No dia 20 de agosto, coincidindo com o primeiro turno das eleições presidenciais, um referendo decidiu suspender a exploração de um dos vários blocos petrolíferos da reserva natural Yasuní, no nordeste da Amazônia.
O último censo, realizado em 2022, mostra que os indígenas representam quase 8% da população equatoriana, embora segundo o líder indígena e ex-candidato presidencial Yaku Pérez, este número é de 25%, com base em estudos antropológicos.
Os povos indígenas protagonizaram uma mobilização histórica em 1990, quando o governo cedeu 2,3 milhões de hectares de terras em todo o país, com mais de um milhão destes hectares pertencentes a comunidades na Amazônia, onde o petróleo é extraído.
A poderosa Confederação das Nacionalidades Indígenas do Equador (Conaie, na sigla em espanhol) também participou de manifestações que derrubaram três presidentes entre 1997 e 2005. A entidade liderou grandes protestos em junho de 2022 contra o aumento do custo de vida, que deixaram seis mortos e forçou o governo Lasso a reduzir os preços dos combustíveis.
- Ex-protetor de Julian Assange -
Durante sete anos, de 2012 a 2019, o fundador do site WikiLeaks, Julian Assange, que publicou documentos confidenciais sobre atividades militares e diplomáticas dos Estados Unidos e de outros países, se refugiou na embaixada do Equador em Londres.
Mas o país sul-americano retirou o asilo diplomático após o início do mandato de Lenin Moreno (2017-2021), mais próximo aos EUA do que o seu antecessor esquerdista e ex-aliado Rafael Correa, hoje radicado na Bélgica.
Preso pela polícia britânica em abril de 2019, o australiano está desde então em uma prisão de segurança máxima perto de Londres, de onde recorreu da decisão de extradição para os Estados Unidos, que o exigem sob a acusação de divulgar documentos sensíveis à segurança nacional americana.

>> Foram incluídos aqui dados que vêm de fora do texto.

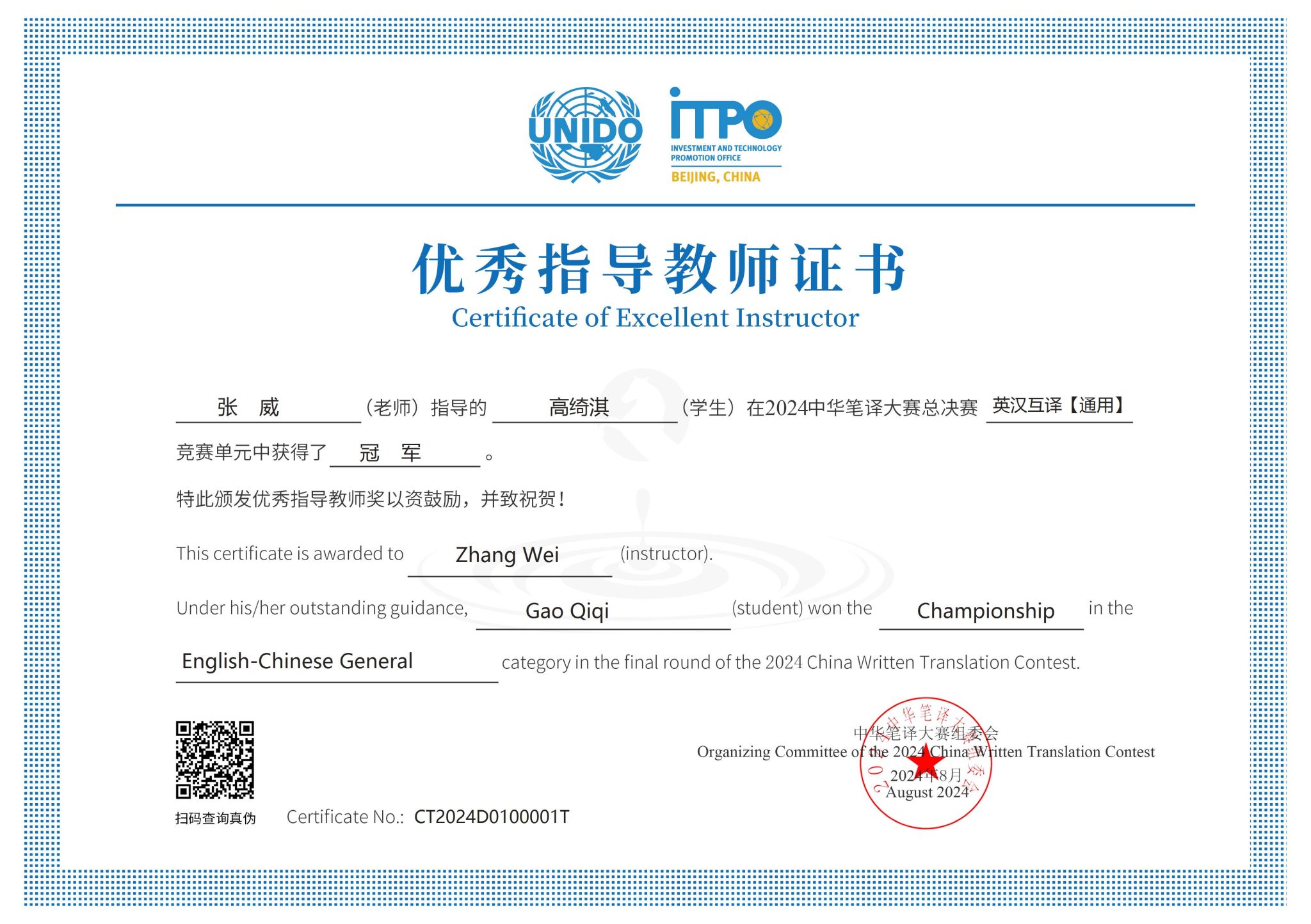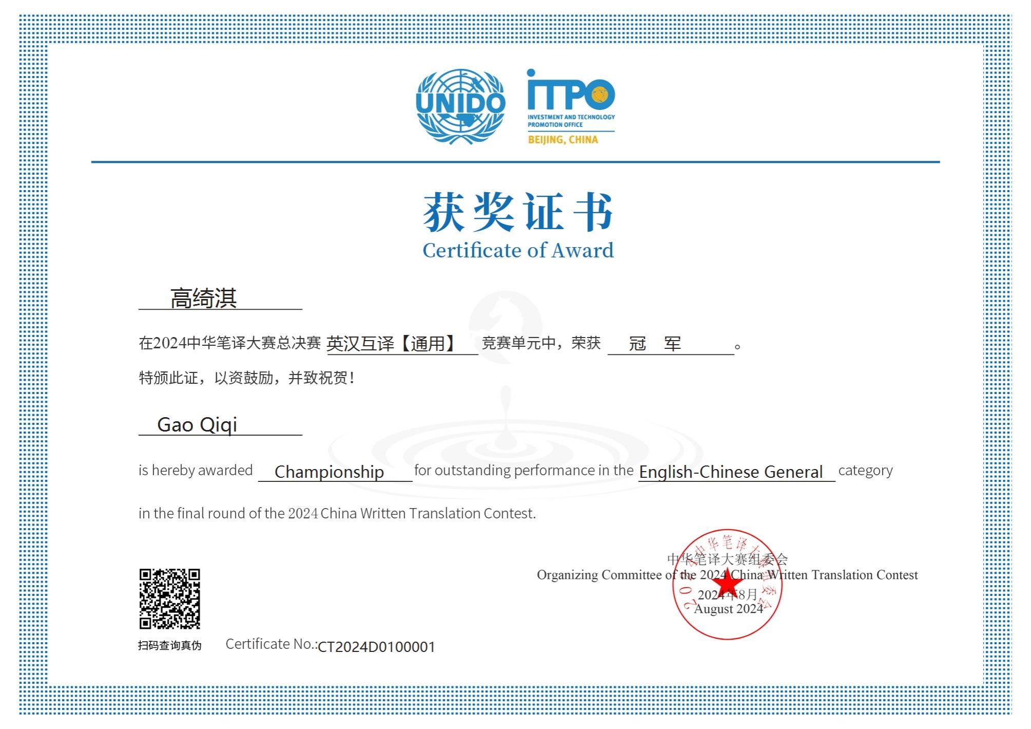 近日,由联合国工业发展组织官方指导和支持,联合国工业发展组织投资和技术促进办公室(中国·北京)和北京策马翻译有限公司(联合国官方翻译服务供应商)共同主办的2024中华笔译大赛结果揭晓。pg娱乐电子游戏官网入口2023级英语口译专业研究生高绮淇在张威教授指导下积极准备,比赛中发挥出色,在激烈竞争中脱颖而出,最终荣获中华笔译大赛总决赛英汉互译“通用”组冠军,张威教授获得优秀指导教师奖。
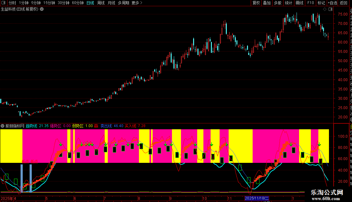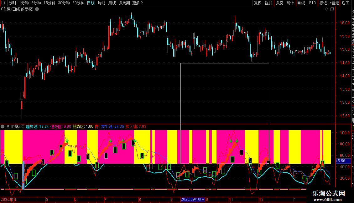 “强势区/弱势区”柱状带提供直观的多空背景。
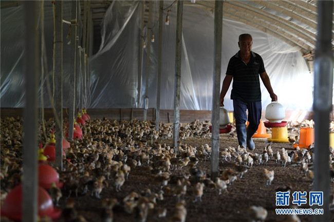 家住安徽省肥西縣花崗鎮(zhèn)楊灣村的黃榮春多年前外出打工時意外受傷,妻子患病失去勞動能力。2014年,黃榮春一家被確定為建檔立卡貧困戶。雖然身體不太好,但是黃榮春頭腦靈活、吃苦能干。在扶貧干部的幫扶下,黃榮春申請到5萬元貼息貸款,發(fā)展白鵝、土雞等家禽養(yǎng)殖。從幾百只到幾萬只,從單一養(yǎng)殖到多元化養(yǎng)殖,他的家禽養(yǎng)殖業(yè)越做越大,2019年,黃榮春靠養(yǎng)雞賺了4萬元。如今,黃榮春已經(jīng)脫貧,成了當(dāng)?shù)赜忻酿B(yǎng)殖能手,并帶動村里有勞動能力的貧困戶發(fā)展特色養(yǎng)殖。
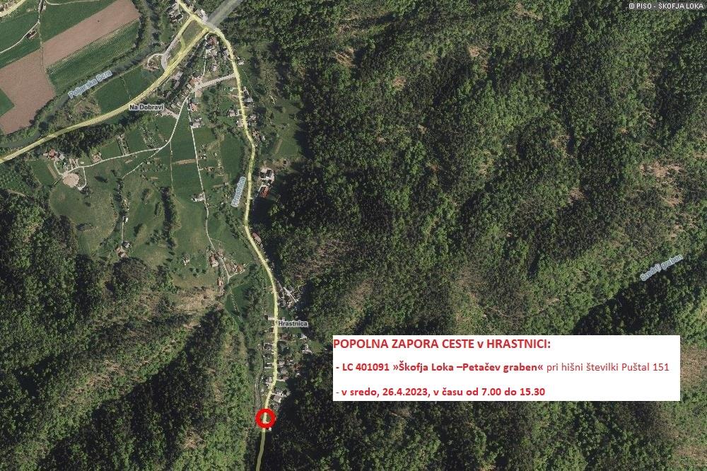 Cesta (LC 401091) »Škofja Loka–Petačev graben« bo pri hišni številki Puštal 151 v sredo, 26. 4. 2023, v času od 7. do 15.30 ure popolnoma zaprta.
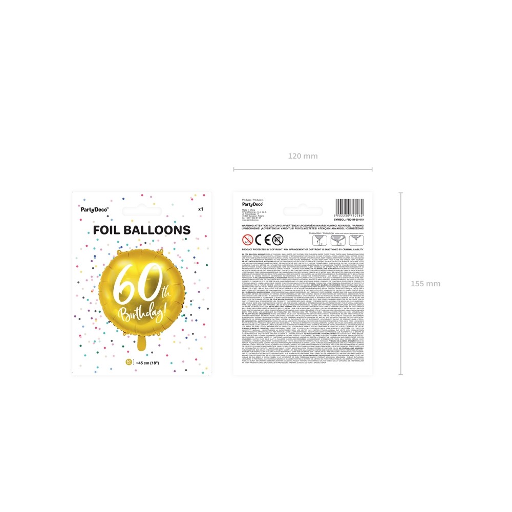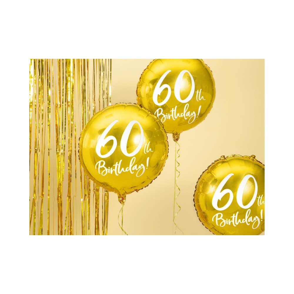 Un elegantissimo foil balloon dorato con scritta "60th Birthday!", la decorazione ideale per festeggiare il 60° compleanno! Si può gonfiare sia ad aria (tramite l'utilizzo di una pompetta) che ad elio.
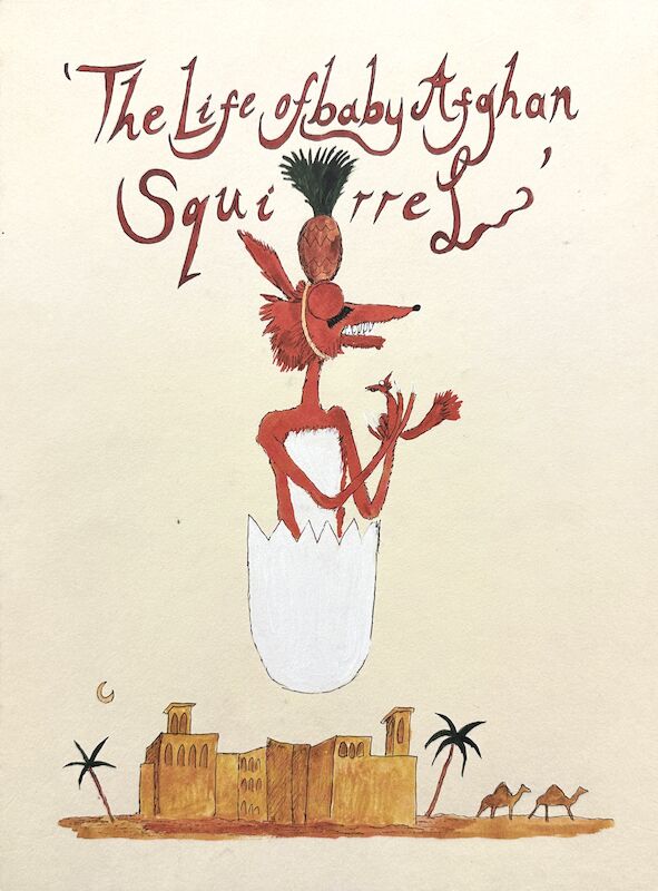 In sieben farbigen Malereien zeigt Andrew Gilbert wichtige Stationen im Leben des Baby Afghan Squirrel. Auf den Rückseiten findet man den handgeschriebenen Brief. Sprache: Englisch
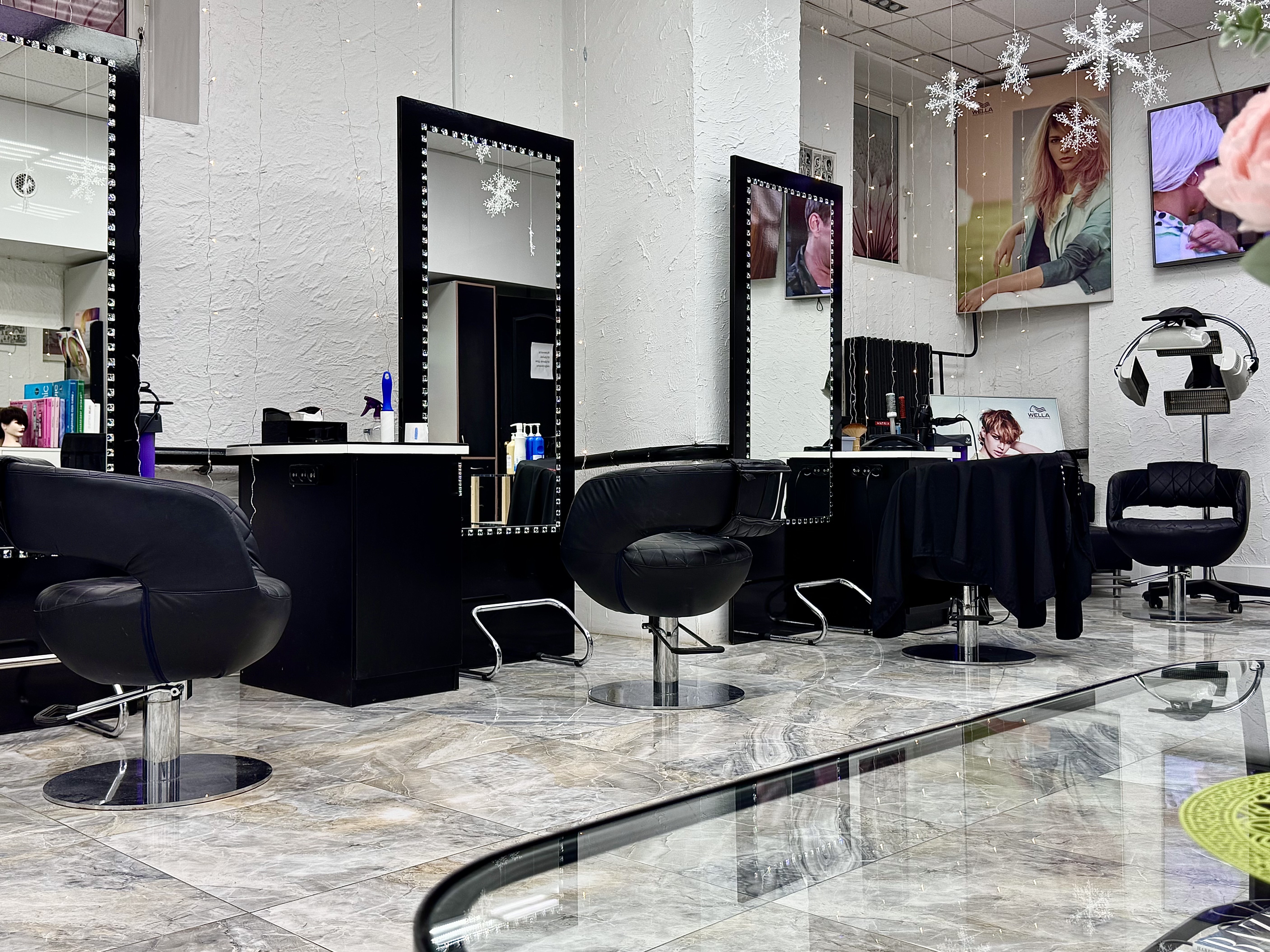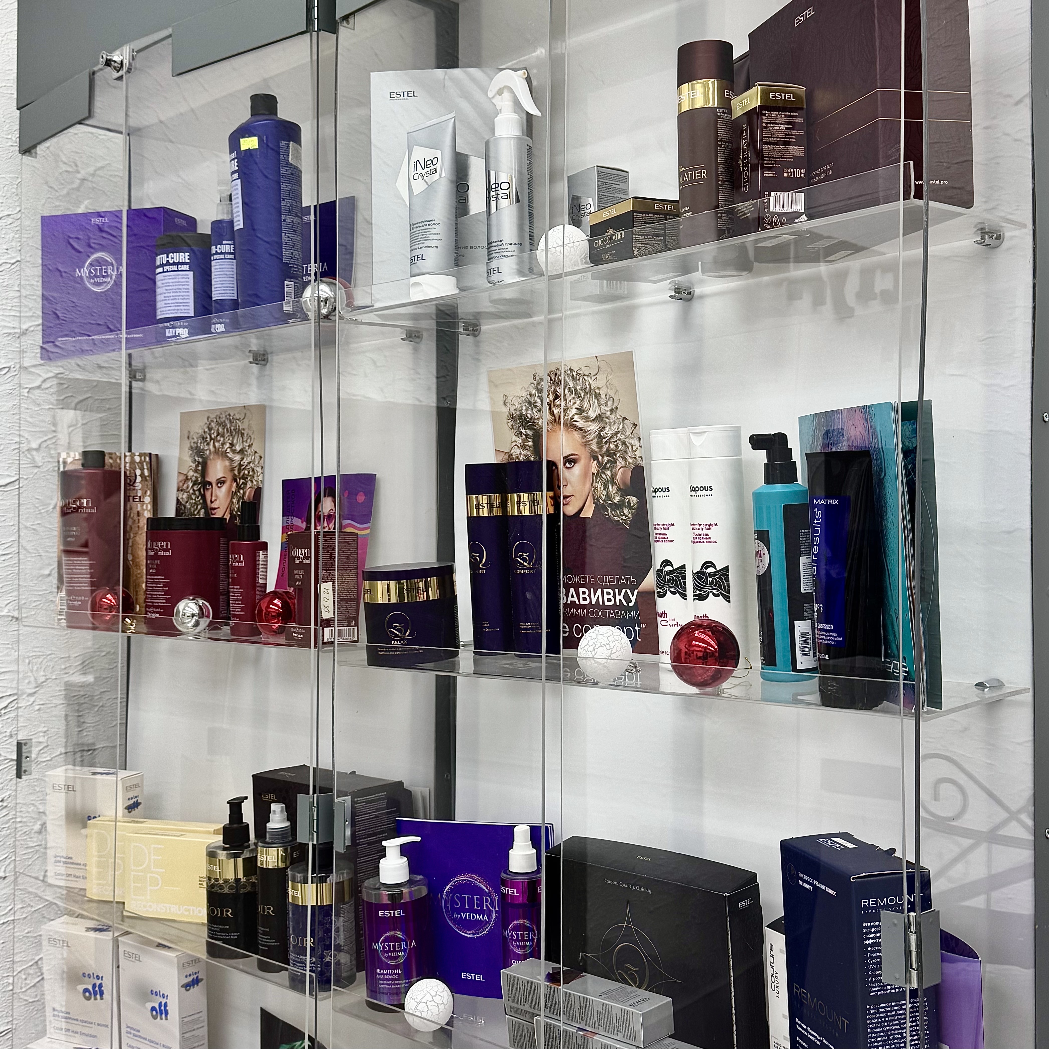- Используется продукция фирмы "Estel", "Matrix", "Kapous" и "Sergio"

- Petróleo, banana e camarão -
A exploração do petróleo tem sido um pilar da economia equatoriana desde a década de 1970, chegando a gerar receitas de US$ 10 bilhões em 2022 (R$ 51,6 bilhões, na cotação da época), representando quase 10% do PIB do país.
Os outros principais itens de exportação são camarão e banana (mais populares no mundo), além do cacau e rosas.
Em 2022, o crescimento do PIB foi de 2,9% segundo o Banco Mundial.
- Ilhas Galápagos -
Banhado pelo Oceano Pacífico, o Equador é um dos menores países da América do Sul, com uma extensão territorial de 256.370 km².
As Ilhas Galápagos, de sua propriedade e que inspiraram o naturalista britânico Charles Darwin em sua teoria da evolução das espécies no século XIX, são classificadas pela Unesco como Patrimônio Mundial por sua fauna e flora únicas no mundo.
Este arquipélago vulcânico, que recebeu o seu nome devido às tartarugas gigantes encontradas nesta região, é um dos locais mais sujeitos à mudança climática. Entre suas espécies ameaçadas de extinção estão iguanas marinhas, pinguins, biguás e leões marinhos.
Em maio, o Equador obteve a redução de aproximadamente US$ 1 bilhão (R$ 5 bilhões) da dívida externa, ao se comprometer a destinar US$ 450 milhões (em torno de 2,8 bilhões) para proteger a ilha.